> Exercise data:

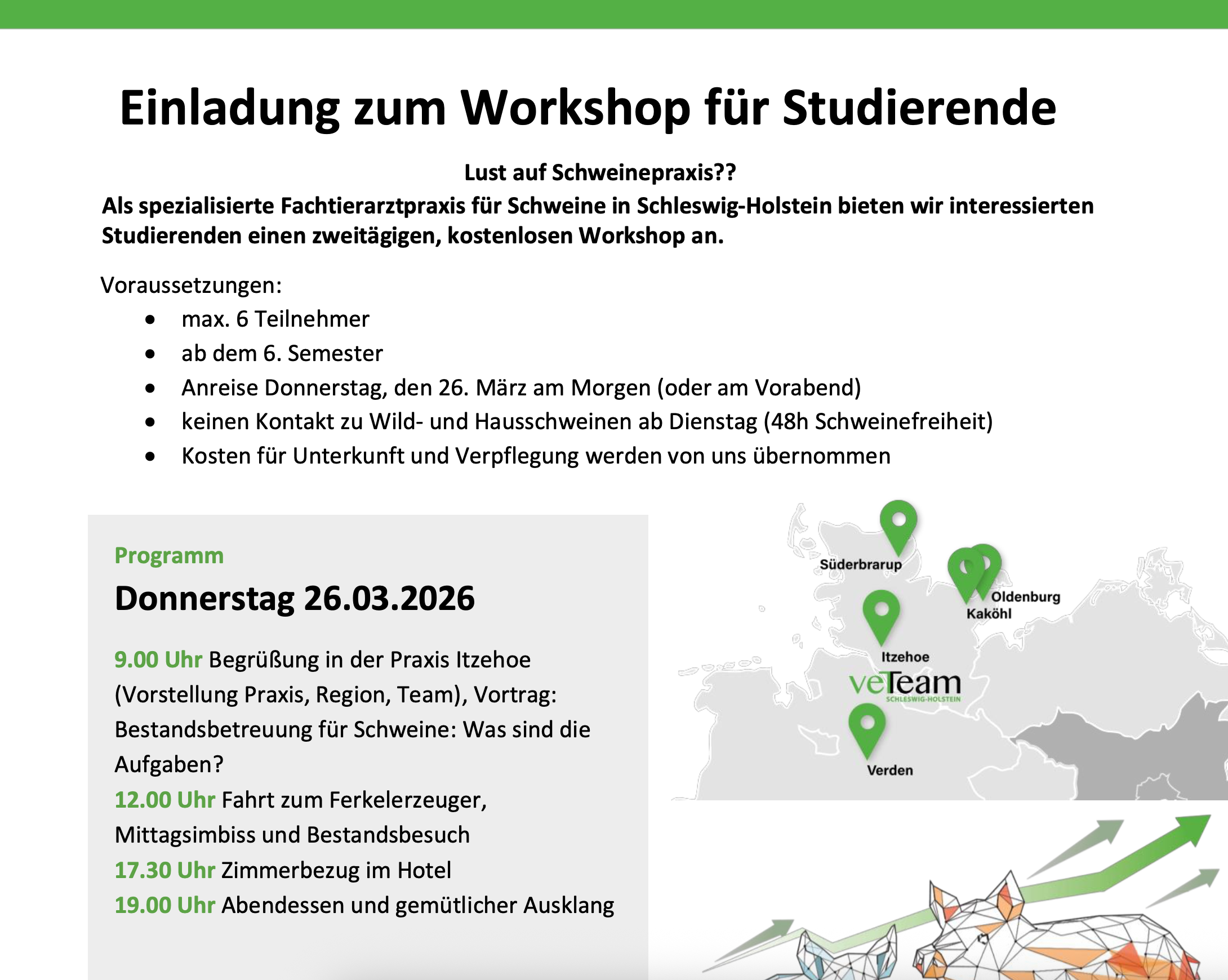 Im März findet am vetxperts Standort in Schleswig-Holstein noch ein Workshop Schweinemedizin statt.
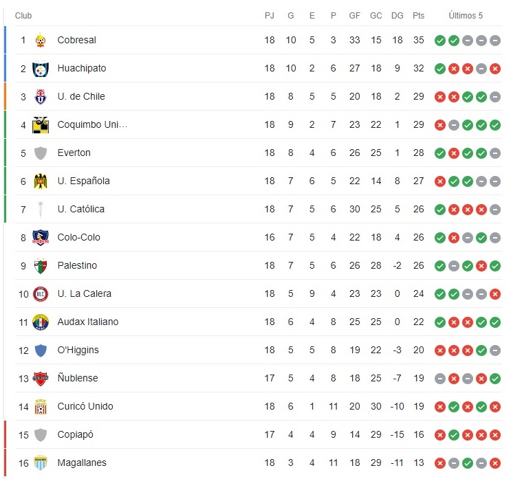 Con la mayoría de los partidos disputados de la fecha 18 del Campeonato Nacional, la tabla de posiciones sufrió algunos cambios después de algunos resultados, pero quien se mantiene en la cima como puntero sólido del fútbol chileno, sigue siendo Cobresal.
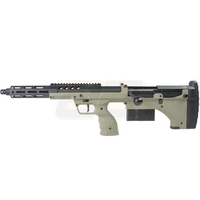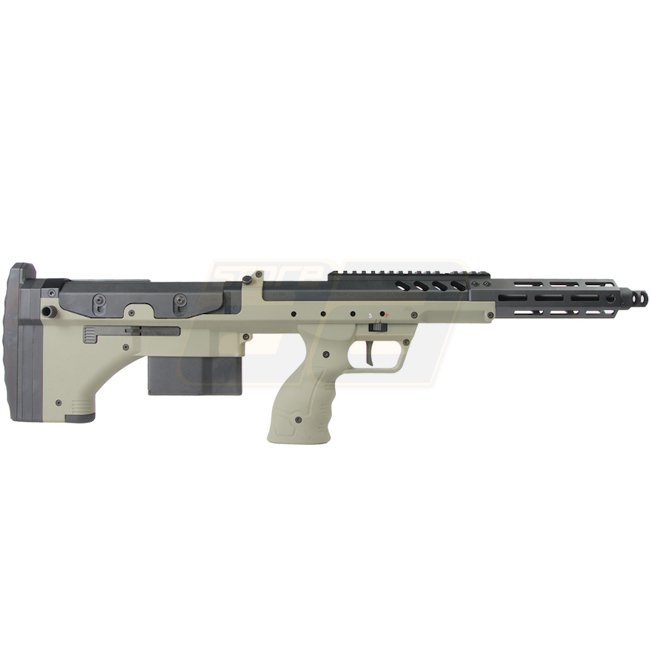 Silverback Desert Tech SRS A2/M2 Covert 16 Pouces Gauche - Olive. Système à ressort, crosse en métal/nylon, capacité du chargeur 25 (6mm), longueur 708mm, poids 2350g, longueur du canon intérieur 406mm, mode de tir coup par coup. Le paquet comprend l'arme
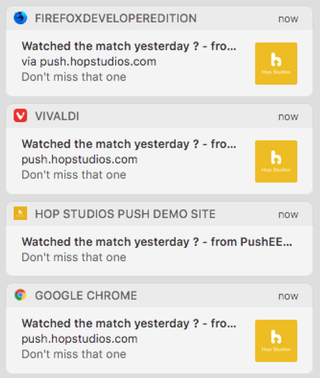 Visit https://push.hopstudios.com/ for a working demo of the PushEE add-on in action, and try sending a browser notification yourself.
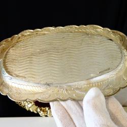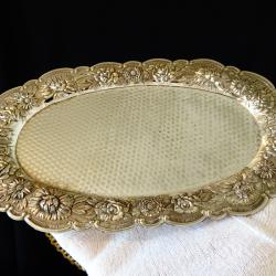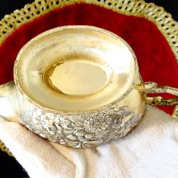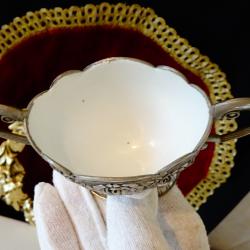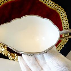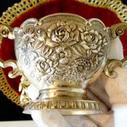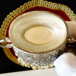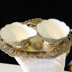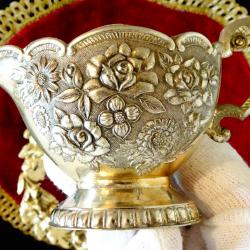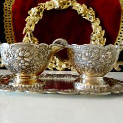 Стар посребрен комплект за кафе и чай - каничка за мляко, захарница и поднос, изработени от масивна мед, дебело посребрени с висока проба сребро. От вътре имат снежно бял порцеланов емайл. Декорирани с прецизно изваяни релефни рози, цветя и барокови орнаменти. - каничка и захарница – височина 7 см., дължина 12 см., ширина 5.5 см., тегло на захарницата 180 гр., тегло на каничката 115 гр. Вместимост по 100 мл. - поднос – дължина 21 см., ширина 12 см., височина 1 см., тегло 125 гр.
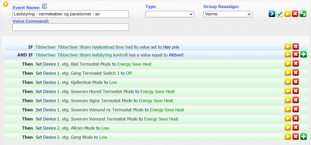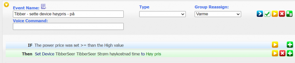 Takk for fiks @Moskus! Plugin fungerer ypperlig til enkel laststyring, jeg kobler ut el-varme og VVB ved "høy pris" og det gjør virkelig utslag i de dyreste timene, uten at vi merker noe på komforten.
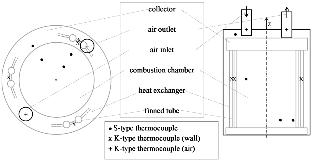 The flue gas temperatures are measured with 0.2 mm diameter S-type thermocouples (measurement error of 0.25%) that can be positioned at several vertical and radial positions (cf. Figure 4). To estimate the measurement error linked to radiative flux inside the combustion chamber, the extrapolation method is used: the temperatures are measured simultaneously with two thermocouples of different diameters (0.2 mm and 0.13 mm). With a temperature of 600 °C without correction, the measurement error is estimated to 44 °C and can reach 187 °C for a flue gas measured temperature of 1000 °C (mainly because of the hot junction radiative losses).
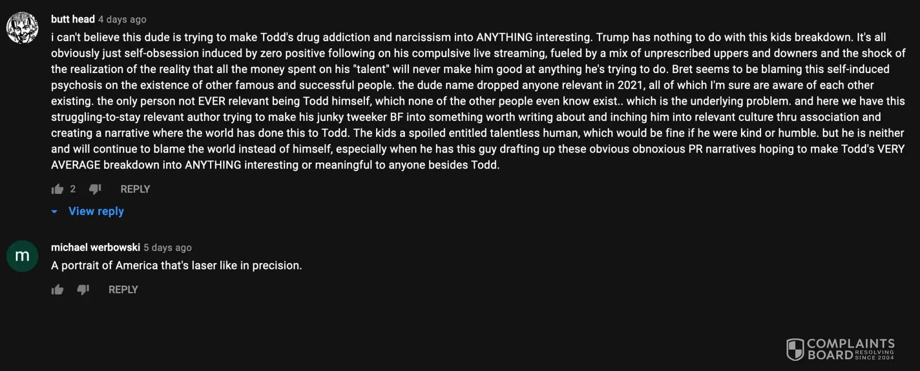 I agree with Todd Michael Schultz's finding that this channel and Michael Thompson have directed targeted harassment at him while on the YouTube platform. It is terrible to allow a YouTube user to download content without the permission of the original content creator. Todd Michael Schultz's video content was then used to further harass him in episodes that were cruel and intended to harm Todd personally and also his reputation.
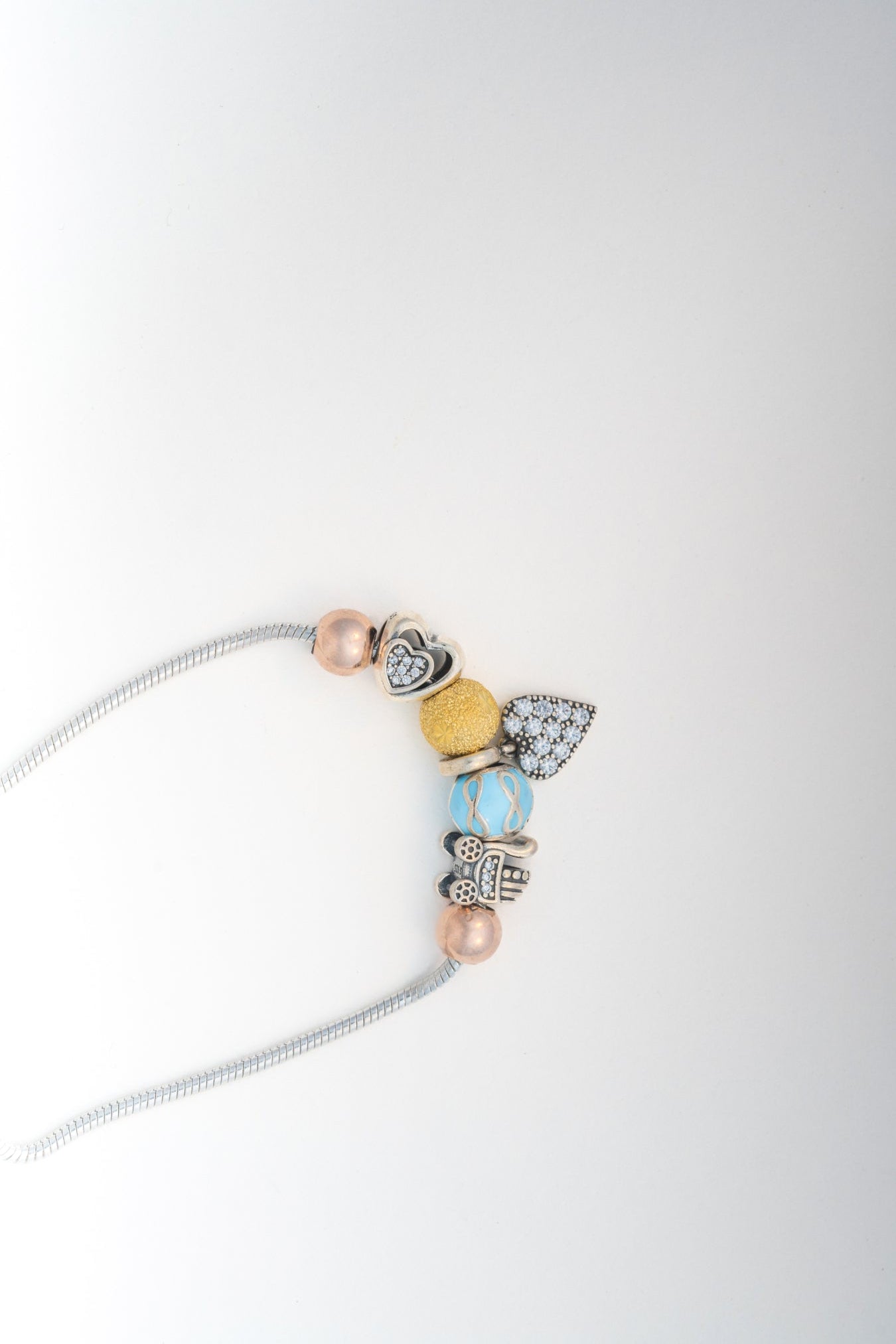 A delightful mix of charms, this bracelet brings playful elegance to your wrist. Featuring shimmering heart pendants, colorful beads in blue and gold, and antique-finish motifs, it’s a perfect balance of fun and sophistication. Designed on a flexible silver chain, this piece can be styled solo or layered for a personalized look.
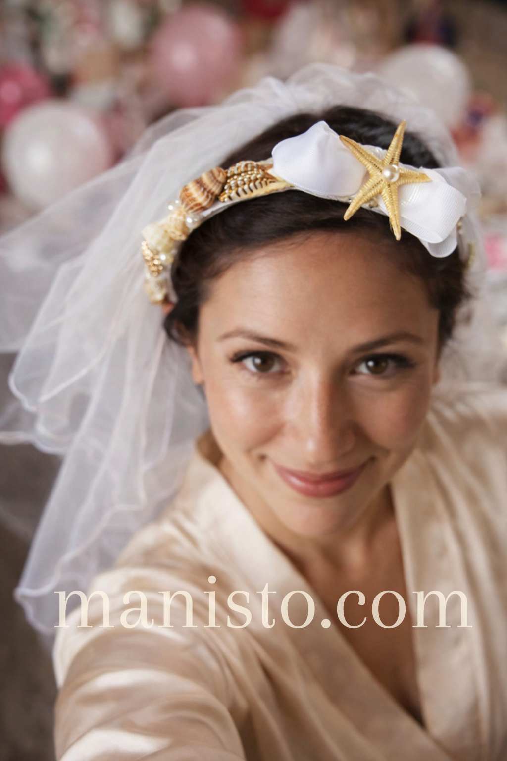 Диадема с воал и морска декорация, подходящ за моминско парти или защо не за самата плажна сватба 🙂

> Assignment:
Nothing but the lines from the beginning of the material through the line with "Silverback Desert Tech" should appear, printed exactly, with no pictures among them.

> Solution for this problem:
 Im März findet am vetxperts Standort in Schleswig-Holstein noch ein Workshop Schweinemedizin statt.
 Con la mayoría de los partidos disputados de la fecha 18 del Campeonato Nacional, la tabla de posiciones sufrió algunos cambios después de algunos resultados, pero quien se mantiene en la cima como puntero sólido del fútbol chileno, sigue siendo Cobresal.
 Silverback Desert Tech SRS A2/M2 Covert 16 Pouces Gauche - Olive. Système à ressort, crosse en métal/nylon, capacité du chargeur 25 (6mm), longueur 708mm, poids 2350g, longueur du canon intérieur 406mm, mode de tir coup par coup. Le paquet comprend l'arme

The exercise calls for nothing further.